1 Introduction

Geographical location of Maharashtra is such that it is subjected to different types of climatic features. Due to the varied topographical climatological features, India Meteorological Department divided the state into four meteorological subdivisions. The meteorological sub-division Konkan and Goa is to the extreme west, elongated north–south along the west coast of India. Due to this topographical feature, the region receives very high rainfall during monsoon season. The Vidarbha region is to the extreme east of the state. The mean monsoon or annual rainfall of this region is less than that of Konkan and Goa but more than the other two sub-divisions. The other two sub-divisions, viz., Madhya Maharashtra and Marathwada have almost similar rainfall pattern although Madhya Maharashtra has a slightly higher mean monsoon or annual rainfall. The rainfall patterns have high intraseasonal variability. Also there is high spatial variability of rainfall over districts of Maharashtra. It has been reported by many researchers (Guhathakurta et al. 2011; Sinharay and Srivastava 2000) about increasing trends of heavy rainfall events and also of total rainfall over Madhya Maharashtra and Konkan and Goa. Due to the increased number of disaster events and its high impact on the economic and human life, it is necessary for the district administration to have district rainfall climatology and information about temporal variability of rainfall at the district levels for better disaster management and water resource management and planning. However, so far there has been no in-depth study on district rainfall climatology, its variability and the changing pattern of rainfall using a long period of data. The reason is the absence of long period district rainfall series. In the present paper, we have presented monthly rainfall series of all the 35 districts of Maharashtra for the period 1901–2006. The mean rainfall pattern and the variability of four seasons and annual rainfall for each of the 35 districts of Maharashtra are presented. This information is very useful to the agriculture and water sectors of this state. The study aims to find the changing pattern of rainfall over Maharashtra in the district scale which may have an impact on increasing extreme rainfall events and floods over Maharashtra.

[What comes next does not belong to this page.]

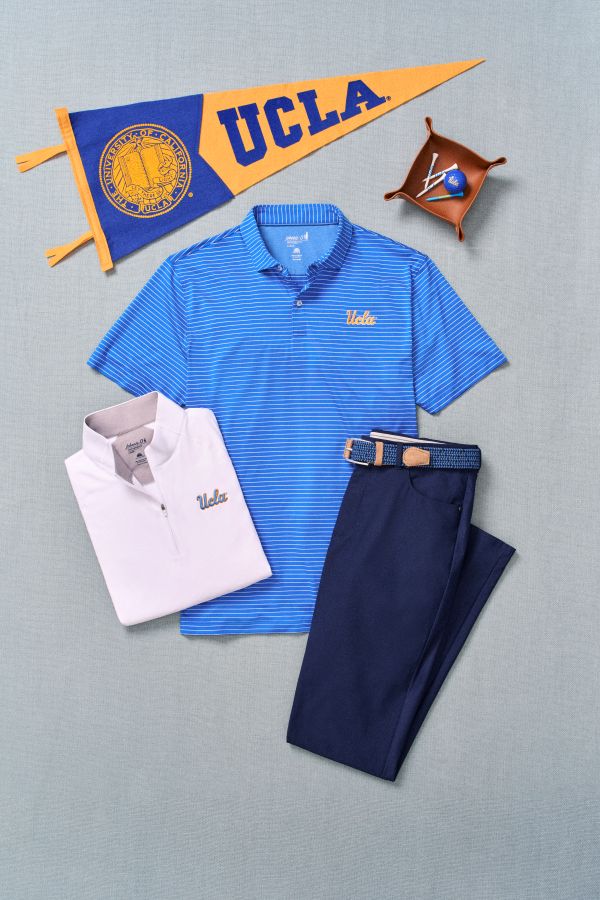 - Thursday: UCLA Freeborne Quarter-Zip in White layered over the UCLA Performance Jersey Polo in Blue Palisades, paired with the Cross Country Flex Pant in Navy and the Cotton Stretch Belt in Twilight.

The distribution of precipitation throughout the seasonal cycle is as important as the total annual amount of monthly or annual precipitation while evaluating its impact on hydrology, ecology, agriculture or in water use. The seasonal distribution of precipitation is the result of revolution of the Earth resulting in the unequal heating of the Earth’s surface over the year and thus resulting in the atmospheric general circulation. The time and duration of the seasons of high precipitation at a place or watershed is most important for the planning and design of agriculture or water management. The distribution of rainfall through the season or year plays an important role in recharging the ground water. It is very important to identify the historical changes in the mean annual precipitation. But even in the absence of changes in annual total precipitation, changes in the seasonal receipt of precipitation greatly affect partitioning of water into runoff, evapotranspiration and infiltration and thus flood forecasting, stream discharge and ecosystem responses (Groisman et al. 2001; Epstein et al. 2002; Rosenberg et al. 2003; Xiao and Moody 2004; Small et al. 2006). The changing pattern of rainfall is also investigated by computing seasonality index of rainfall. The relative seasonality of rainfall represents the degree of variability in monthly rainfall throughout the year (Walter 1967; Walsh and Lawer 1981; Livada and Asimakopoulos 2005; Adejuwon 2012). Spatial distribution of precipitation seasonality in the United States was studied by Finkelstein and Truppi (1991). Markham (1970) has proposed a quantities technique for measuring precipitation seasonality based on vector analysis. The understanding of seasonality pattern of precipitation and also identifying changes in seasonality index is very useful for agricultural planning.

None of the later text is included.